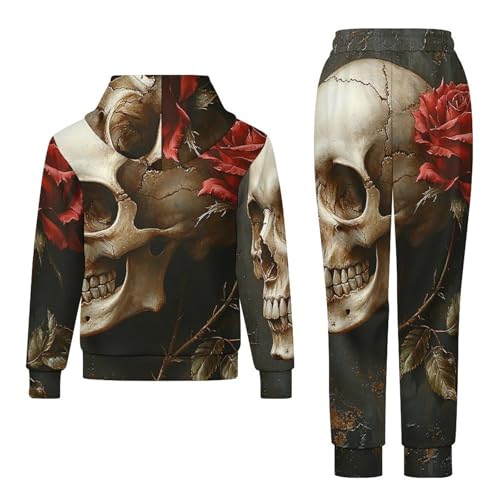 Boys' Girl's Sweatshirt Set 2 Piece Pullover Hoodie Jogger Sweatpants Pants, Skull And Rose Art
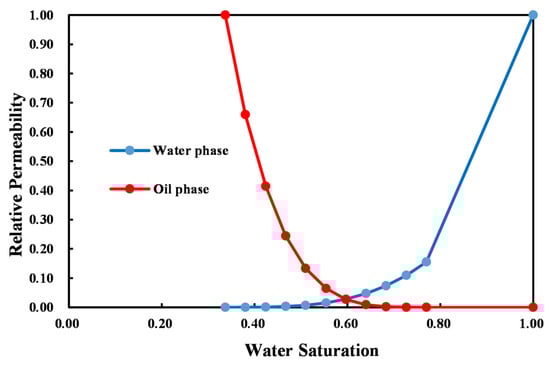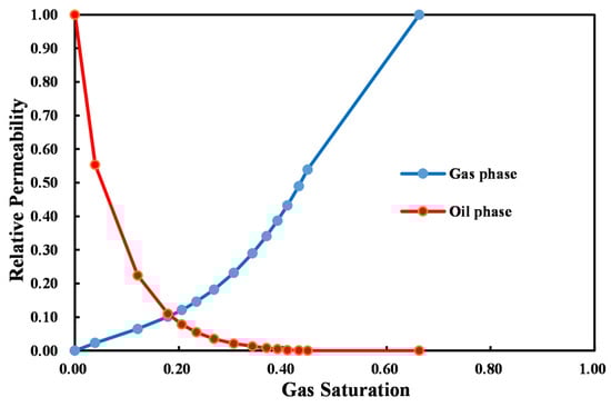 A mechanistic model was established according to the actual geological parameters of Reservoir A, with a grid size of 10 m × 10 m × 10 m, a porosity of 18.2%, a permeability of 12.28 mD, an initial oil saturation of 50%, and an initial average reservoir pressure of 41 MPa. The relative permeability characteristics of oil–water and oil–gas were measured with experiments (Figure 3 and Figure 4).
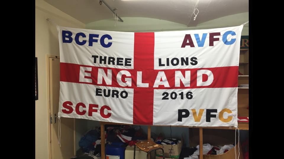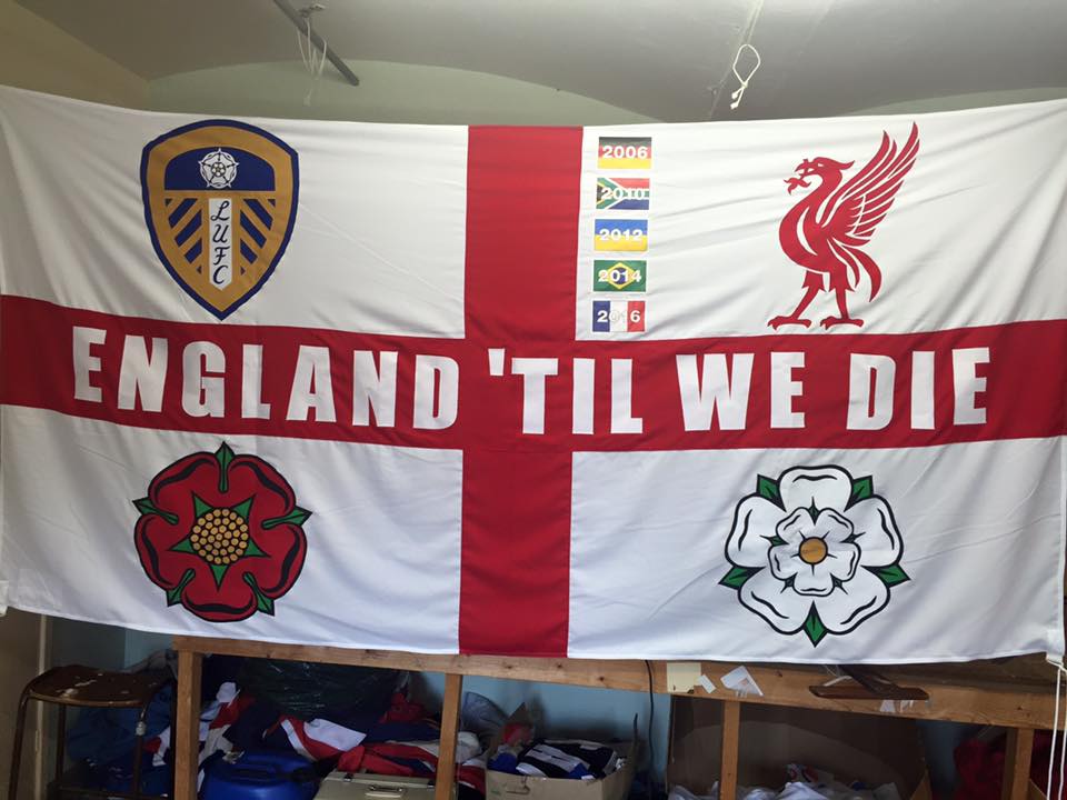 #35•• Voy a hablar de una frikada mia de esta Eurocopa. Son los ingleses todos con sus banderas personificadas. La mayotia llevan puesto el lugar de donde son o del equipo que son, y luego el escudo su equipo o algun elemento de su equipo y el de la seleccion inglesa. Alguna foto que esta al reves es porque se las han robado. Estas son de las imagenews mas faciles que he encontrado poor ahi, pero habra alguna de todas ellas dentro del estadio que imponen, por lo menos a mi, pero que no he podido encontrar tan facilmente.

● ● ● ● ●

■ Exercise directions: What this calls for is the material above set down exactly, pictures excluded.

■ Your response:
 Boys' Girl's Sweatshirt Set 2 Piece Pullover Hoodie Jogger Sweatpants Pants, Skull And Rose Art
 A mechanistic model was established according to the actual geological parameters of Reservoir A, with a grid size of 10 m × 10 m × 10 m, a porosity of 18.2%, a permeability of 12.28 mD, an initial oil saturation of 50%, and an initial average reservoir pressure of 41 MPa. The relative permeability characteristics of oil–water and oil–gas were measured with experiments (Figure 3 and Figure 4).
 #35•• Voy a hablar de una frikada mia de esta Eurocopa. Son los ingleses todos con sus banderas personificadas. La mayotia llevan puesto el lugar de donde son o del equipo que son, y luego el escudo su equipo o algun elemento de su equipo y el de la seleccion inglesa. Alguna foto que esta al reves es porque se las han robado. Estas son de las imagenews mas faciles que he encontrado poor ahi, pero habra alguna de todas ellas dentro del estadio que imponen, por lo menos a mi, pero que no he podido encontrar tan facilmente.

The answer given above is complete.